Single by Macklemore & Ryan Lewis featuring Eric Nally, Melle Mel, Kool Moe Dee and Grandmaster Caz

from the album This Unruly Mess I've Made
- Released: August 27, 2015
- Recorded: July 2015
- Studio: Robert Lang (Shoreline, Washington); London Bridge (Shoreline, Washington); Avast! (Seattle, Washington);
- Genre: Old-school hip-hop; pop rap;
- Length: 4:54
- Label: Macklemore LLC
- Songwriters: Ben Haggerty; Ryan Lewis; Jacob Dutton; Eric Nally; Joshua Karp; Joshua Rawlings; Darian Asplund; Evan Flory-Barnes; Tim Haggerty;
- Producers: Lewis; Jake One; Budo;

Macklemore & Ryan Lewis singles chronology
| "Arrows" (2014) | "Downtown" (2015) | "Dance Off" (2016) |

Kool Moe Dee singles chronology
| "Wild Wild West" (1999) | "Downtown" (2015) | "Brand New Heat" (2016) |

= Downtown (Macklemore & Ryan Lewis song) =

2015 single by Macklemore & Ryan Lewis

"Downtown" is a song by American hip-hop duo Macklemore & Ryan Lewis featuring fellow American musicians Eric Nally of Foxy Shazam, Melle Mel, Kool Moe Dee, and Grandmaster Caz. The song was officially released on August 27, 2015, as the lead single from the duo's second studio album This Unruly Mess I've Made (2016). A music video for the song was uploaded to Ryan Lewis' YouTube channel on the day of the song's release.

==Background==

On the song Macklemore said, "Ryan [Lewis] made a beat on the road called 'moping around,' I got the beat, I thought it said moped." "Coincidentally we had both purchased mopeds for being on the road so we could go around, leave the venues that we were performing at, and I wrote a song about mopeds, which now a year and a half later is out in the world."

==Critical reception==
William Pankey of AXS described the song as a sequel to the duo's breakout single "Thrift Shop", while Larry Miezel Jr. of The Stranger felt it was another "kid-friendly pop-rap stunt-fantasy." Maeve McDermott of USA Today called it "a hip hop recreation of Bruno Mars and Mark Ronson's 'Uptown Funk'." Amaya Mendizabal of Billboard labeled the track as old-school hip-hop.

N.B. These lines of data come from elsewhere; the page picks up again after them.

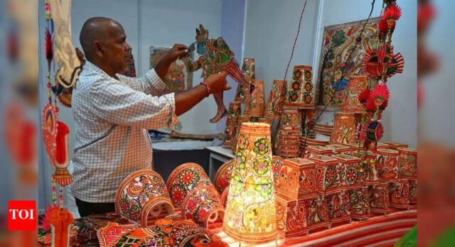 Vijayawada: The Gandhi Shilp Bazaar and Lepakshi Handicraft Design Competition began in Vijayawada this week, featuring the works of 40 artisans and weavers from across the country. The week-long event, held at Amma Kalyana Mandapam, is attracting large crowds and highlighting India’s diverse craft traditions.The exhibition displays a wide range of handmade works, including wood carvings, crochet lace, Thanjavur paintings, leather puppets, rugs, durries, and imitation jewellery. One of the participants, V Chinna Anjaneyulu, a leather puppet artisan from Narasaraopet, said: “Our craft is our identity and events like this give us hope to keep it alive.”A key highlight of the expo is the Lepakshi Handicraft Design Competition Exhibition, which focuses on innovation within traditional crafts. Entries from five categories — Kondapalli, Etikoppaka, wood carving, leather puppets, and Kalamkari block printing — are being judged by experts from the National Institute of Design (NID), the Craft Council, DC Handicrafts, and Andhra Pradesh Handicrafts Development Corporation (APHDC). Winners will be announced on Sept 12, with gold, silver, and bronze medals, along with cash prizes worth Rs 2.5 lakh, to be presented to the top artisans.Speaking at the event, special chief secretary, handlooms & textiles, industries and commerce department R P Sisodiya praised the initiative for both preserving heritage and opening new opportunities. “Every handcrafted piece carries the story of our culture, tradition, and resilience. It is our duty to preserve and promote these crafts for future generations,” he said, encouraging youth to explore traditional skills.APHDC vice chairman and managing director Vishwa Manoharan described the exhibition as a landmark effort to connect artisans with society and instil renewed pride in Andhra Pradesh’s craft heritage.
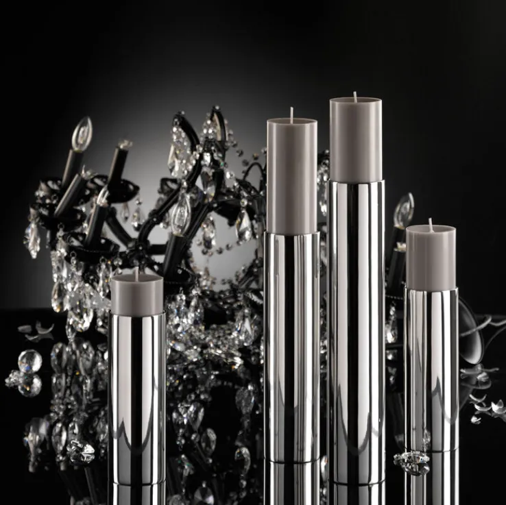 Der formschöne Kerzenständer EVIVA hat eine Höhe von etwa 35 cm und passt in moderne oder klassische Einrichtungen. Durch seine polierten Oberflächen ist der Kerzenständer aus hochwertigem Edelstahl ein Blickfang auf Kommoden oder Sideboards im Wohnzimmer. Auch für den Beistelltisch im Esszimmer ist der dekorative Kerzenständer ideal und sorgt mit einer gegossenen Stumpenkerze für eine angenehme und stimmungsvolle Atmosphäre.
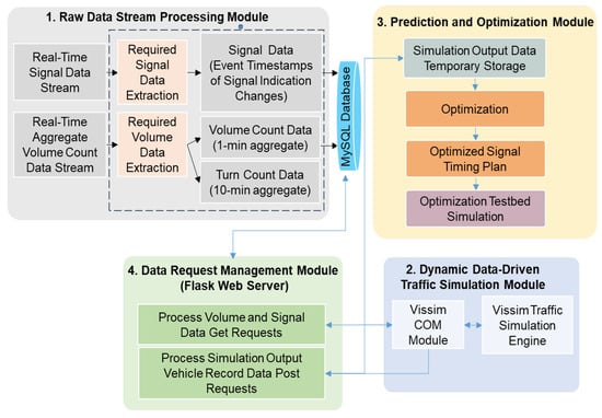Smart corridor Digital Twins are typically driven using real-time and historic vehicle and infrastructure data from the corridor [,,]. In this study, the Digital Twin is developed using vehicle real-time and historic volume count, turn count, and Signal Phasing and Timing (SPaT) data available from approximately 2.1 miles of Martin Luther King (MLK) Smart Corridor, Chattanooga, TN, USA, consisting of 11 signalized intersections. A smart corridor Digital Twins model architecture typically includes four key components as shown in Figure 1:
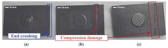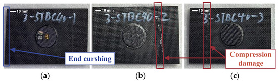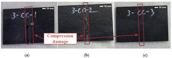 Damaged composite laminates after compression test ((a–c) correspond to specimens 1, 2, and 3, respectively).
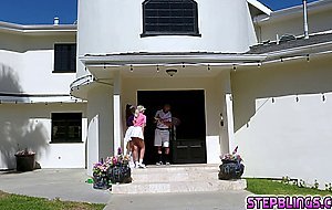 Allie Nicole and Athena Faris sneak by one of their idols security and knock on his front door He usually hates visitors but when he sees how hot the babes are he invites them inside They start making out as their pussies soak through their panties
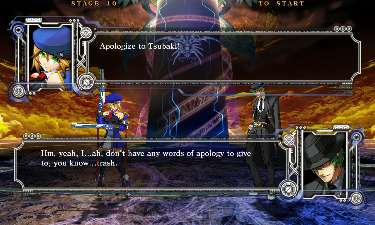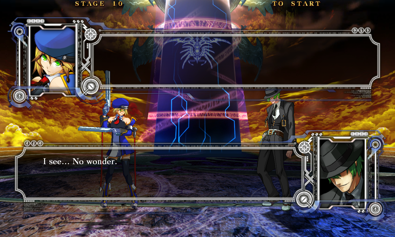 | Home | BackTweet | - Arcade Mode - | Score Attack | | Ragna The Bloodedge | Jin Kisaragi | Rachel Alucard | Carl Clover | Arakune | Bang Shishigami | | Haku-Men | Tsubaki Yayoi | - Noel Vermillion - | Λ-11- | Iron Tager | Litchi Faye Ling | Taokaka | Hazama |
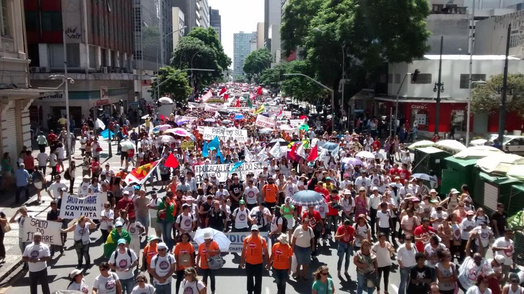 Professores e servidores saíram das praças Rui Barbosa e Santos Andrade para ir ao Centro Cívico. Docentes e governo se reúnem pela terceira vez para negociar fim da greve
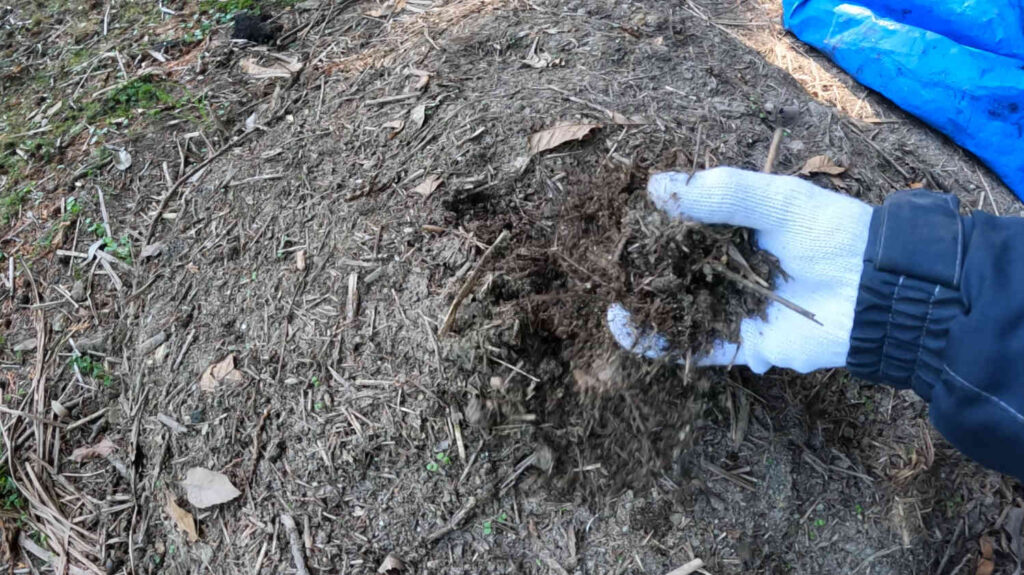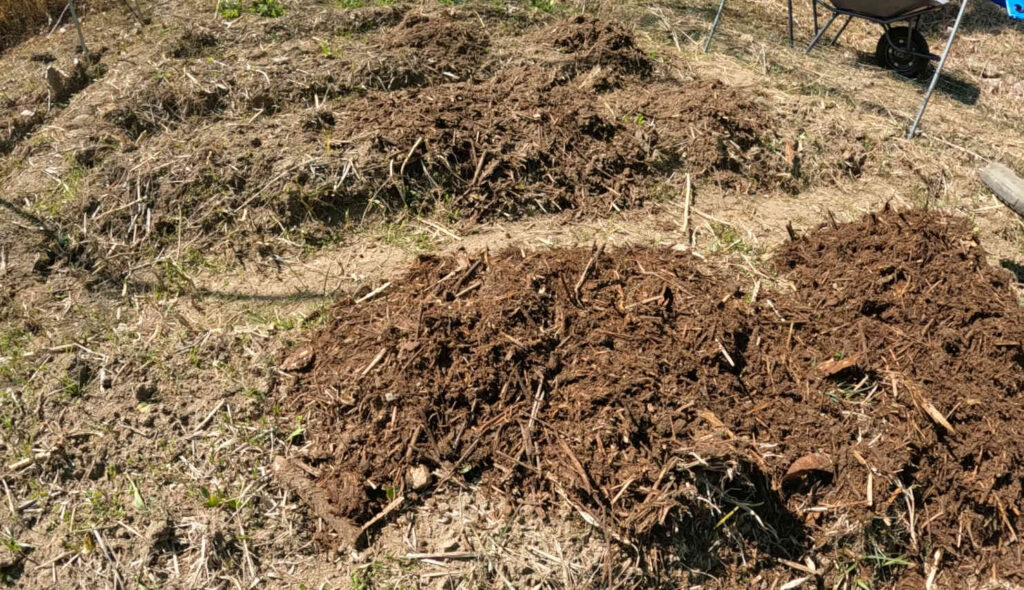 畑の肥料には、毎度おなじみコンポストトイレから出た、半年かけて発酵させた堆肥を使っていきます。
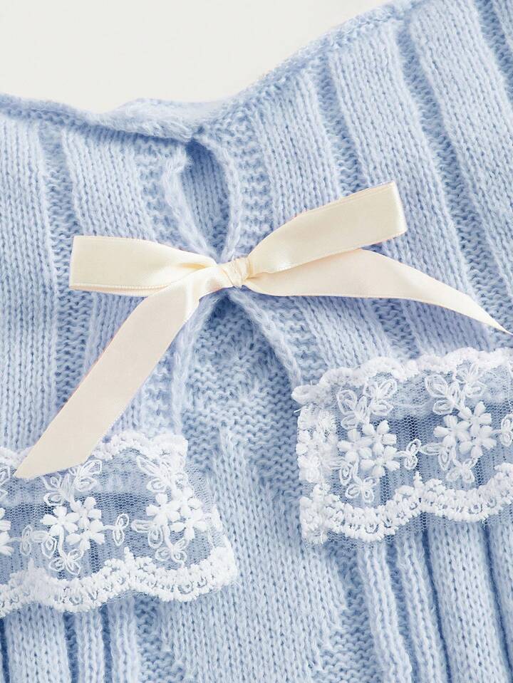 Kawaii Lace Patchwork Bow Decor Spaghetti Strap Long Sleeve Pullover Sweater
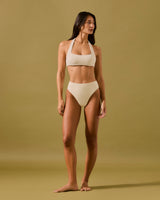 Model's wearing the matching Angela Bottom but make it your own style and pair it with any other black or solid color Bossa Swim bikini bottom.
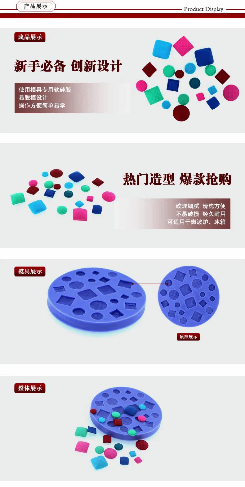 ● 纹理清晰,款式多样,柔软易脱模;
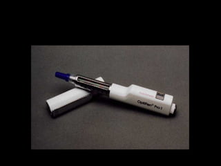 Este documento resume las aplicaciones clínicas de la insulina. Explica la fisiología de la insulina, sus diferentes tipos y galenicas. Detalla las indicaciones para iniciar terapia insulínica en diabetes tipo 1 y 2. Describe el seguimiento requerido y complicaciones potenciales. Resalta la importancia histórica del descubrimiento de la insulina pero también sus limitaciones como tratamiento definitivo para la diabetes.
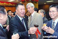 何厚鏵向與會(huì)人士一一敬酒,祝賀澳門回歸祖國(guó)五周年。 作者:宋吉河
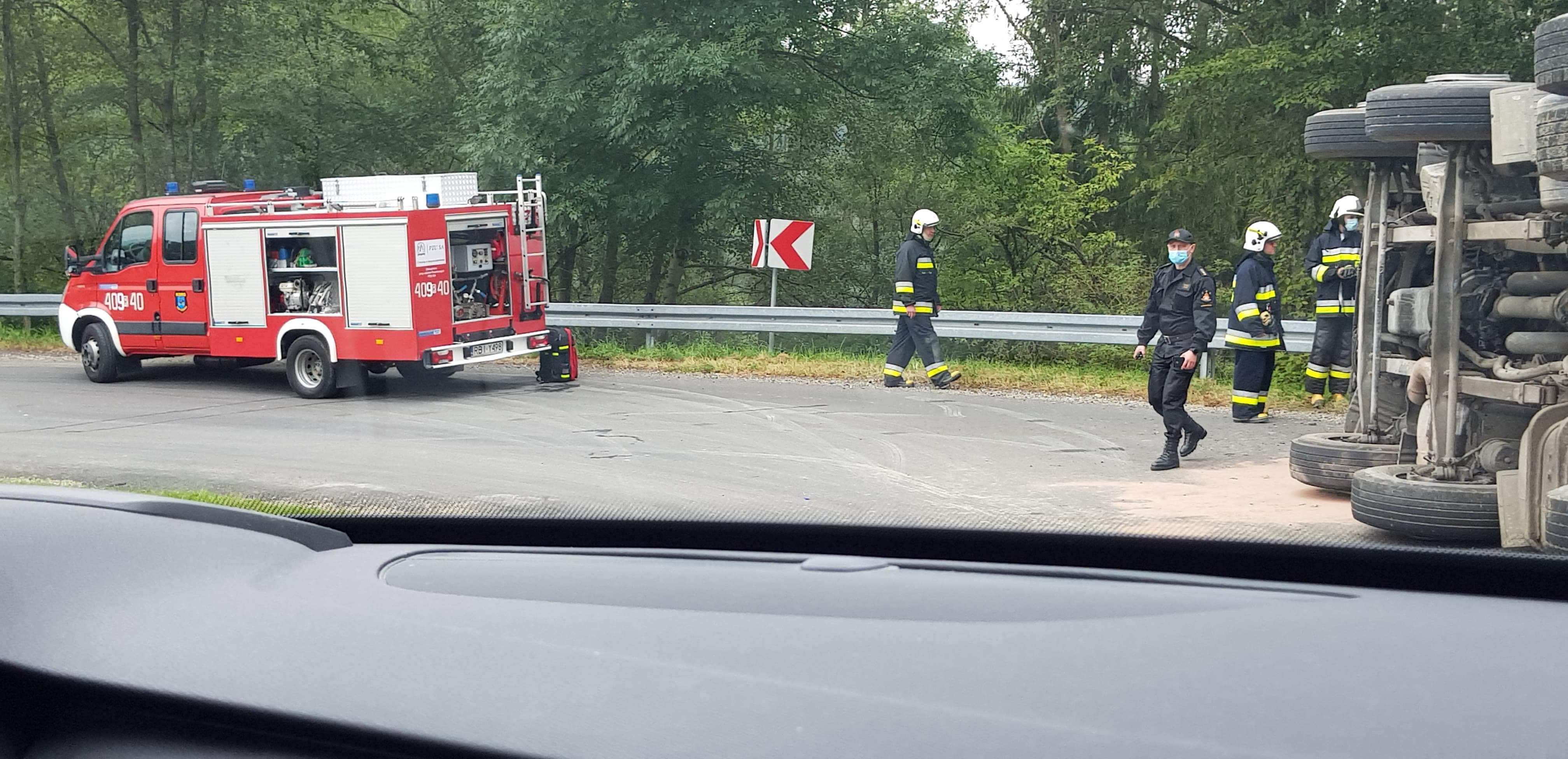Kierowca ciężarówki podczas jazdy serpentynami nie zapanował nad pojazdem. Samochód przewrócił się.

"Downtown" was ranked at number 18 on the annual Triple J Hottest 100 for 2015.

==Chart performance==
In the United States, "Downtown" debuted at number 94 on the Billboard Hot 100 chart dated September 12, 2015. Its chart debut was fueled by sales of 11,000 digital downloads in its first two days, along with 886,000 domestic streams during the same period, nearly all from views of the song's music video. The next week, following its first full week of availability and a performance at the 2015 MTV Video Music Awards, the song jumped to number 18 with the week's largest gain in digital download sales, having sold 95,000 copies and logged 5.7 million streams for the week. It has since peaked at number 12. As of November 2015, "Downtown" has sold 772,000 copies domestically. Macklemore and Ryan Lewis also performed the song live on The Tonight Show Starring Jimmy Fallon on September 9, 2015.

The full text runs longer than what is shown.